Recorded data:

=== Begin Enclosure ===

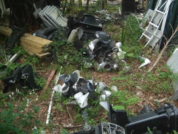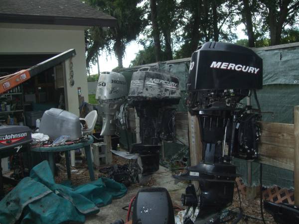 MERCURY MOSTLY BABY L3-L4 SOME NOT MUCH V6. YAMAHA 40HP-60HP LITTLE BIT OF SALTWATER 200HP. OMC MOSTLY 40HP-50HP 2 CYLINDER 2 STROKE. HONDA MOSTLY BF40-50 LATE 90'S -2006. 50 PLUS PROPS MANY MID SECTIONS AND TRANSOM BRACKETS SOME LOWER UNITS A FEW GOOD POWERHEADS A FEW PARTS POWERHEADS MANY STARTERS TO REBUILD A FEW LOWER UNITS TO REBUILD MANY PONTOON TRAILER TIRES SO SO AND RIMS. BINNACLES OMC TOP AND SIDE MERC TOP MOUNTS HONDA TOP AND SIDE YAMAHA DUAL TOP MAYBE ONE SIDE MOUNT
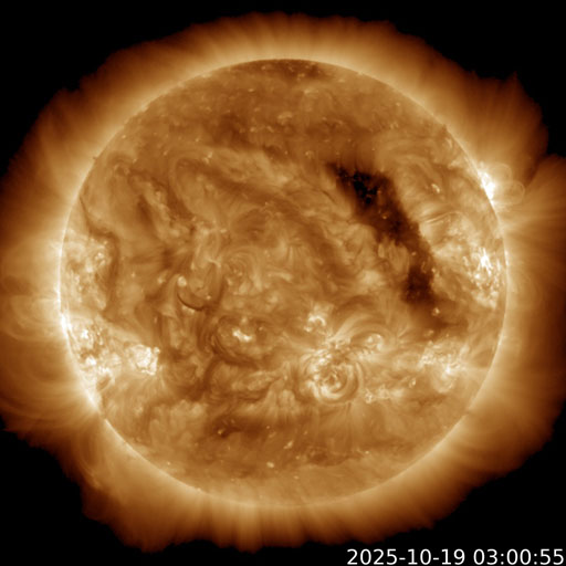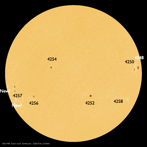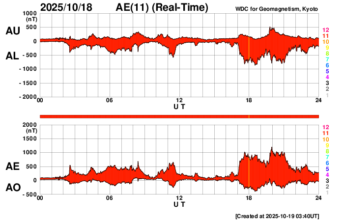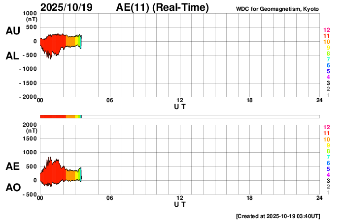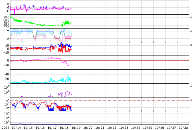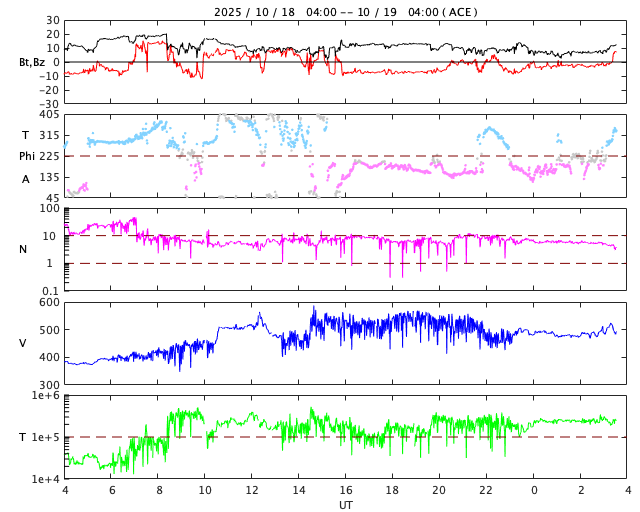 2025/10/19 12:41 更新 高速太陽風が到来し、速度は500km/秒に高まっています。4246群は見えなくなりました。 担当 篠原 昨夜、18日19時(世界時18日10時)過ぎに 太陽風の速度は500km/秒へ高まり、高速風が始まりました。 GOES衛星SUVI 195で注目していた コロナホールの影響がやって来た様です。 太陽風の速度は、以降も500km/秒前後で推移しています。 磁場強度は、速度が高まる前に20nTに強まる変化が発生し、 その後は10nT、グラフの最後は7nTくらいになっています。 27日周期の図を見ると、 太陽風速度の高まりは前周期よりも1日ほど早くやって来ました。 前周期は4日ほど速度の高まりが続いています。 今回はどのくらいの期間になるでしょうか。 磁場の南北成分は、グラフの後半は南向きになっています。 速度の高まりも重なって、磁気圏の活動は強まっています。 AE指数は、1000nTに達する大きい変化も発生しています。 グラフの最後では、南北成分は0nTに近付いています。 この後はどちら寄りで変化するでしょうか。 注目して下さい。 太陽は、4246黒点群の活動が続き、 C9.9、M1.2、M1.3、M1.5、C8.0、M1.0など、 小、中規模のフレアが続いています。 今日掲載の可視光写真では、 4246群は北西の端(右上)に沈んで、見えなくなっています。 この後は、太陽は静かになりそうです。
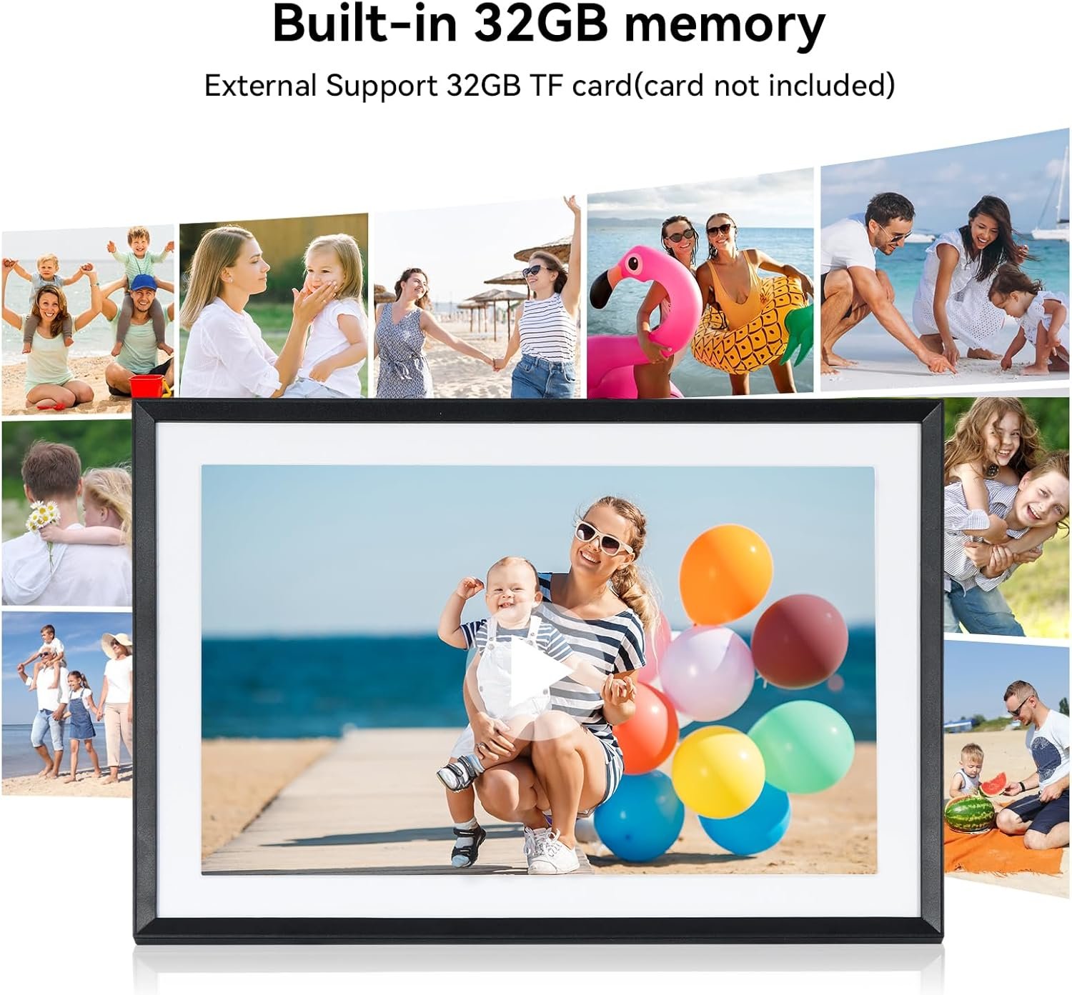 【32GB Built-in Memory】 This digital picture frames load from phone has 32GB of built-in memory and supports Mirco SD cards up to 32GB (not included), allowing you to insert the SD card directly or import videos from the SD card into the electronic picture frame for playback.

=== End Enclosure ===

Work order:
Repeat the material above precisely as it appears, omitting the images it contains.

Exercise response:
 MERCURY MOSTLY BABY L3-L4 SOME NOT MUCH V6. YAMAHA 40HP-60HP LITTLE BIT OF SALTWATER 200HP. OMC MOSTLY 40HP-50HP 2 CYLINDER 2 STROKE. HONDA MOSTLY BF40-50 LATE 90'S -2006. 50 PLUS PROPS MANY MID SECTIONS AND TRANSOM BRACKETS SOME LOWER UNITS A FEW GOOD POWERHEADS A FEW PARTS POWERHEADS MANY STARTERS TO REBUILD A FEW LOWER UNITS TO REBUILD MANY PONTOON TRAILER TIRES SO SO AND RIMS. BINNACLES OMC TOP AND SIDE MERC TOP MOUNTS HONDA TOP AND SIDE YAMAHA DUAL TOP MAYBE ONE SIDE MOUNT
 2025/10/19 12:41 更新 高速太陽風が到来し、速度は500km/秒に高まっています。4246群は見えなくなりました。 担当 篠原 昨夜、18日19時(世界時18日10時)過ぎに 太陽風の速度は500km/秒へ高まり、高速風が始まりました。 GOES衛星SUVI 195で注目していた コロナホールの影響がやって来た様です。 太陽風の速度は、以降も500km/秒前後で推移しています。 磁場強度は、速度が高まる前に20nTに強まる変化が発生し、 その後は10nT、グラフの最後は7nTくらいになっています。 27日周期の図を見ると、 太陽風速度の高まりは前周期よりも1日ほど早くやって来ました。 前周期は4日ほど速度の高まりが続いています。 今回はどのくらいの期間になるでしょうか。 磁場の南北成分は、グラフの後半は南向きになっています。 速度の高まりも重なって、磁気圏の活動は強まっています。 AE指数は、1000nTに達する大きい変化も発生しています。 グラフの最後では、南北成分は0nTに近付いています。 この後はどちら寄りで変化するでしょうか。 注目して下さい。 太陽は、4246黒点群の活動が続き、 C9.9、M1.2、M1.3、M1.5、C8.0、M1.0など、 小、中規模のフレアが続いています。 今日掲載の可視光写真では、 4246群は北西の端(右上)に沈んで、見えなくなっています。 この後は、太陽は静かになりそうです。
 【32GB Built-in Memory】 This digital picture frames load from phone has 32GB of built-in memory and supports Mirco SD cards up to 32GB (not included), allowing you to insert the SD card directly or import videos from the SD card into the electronic picture frame for playback.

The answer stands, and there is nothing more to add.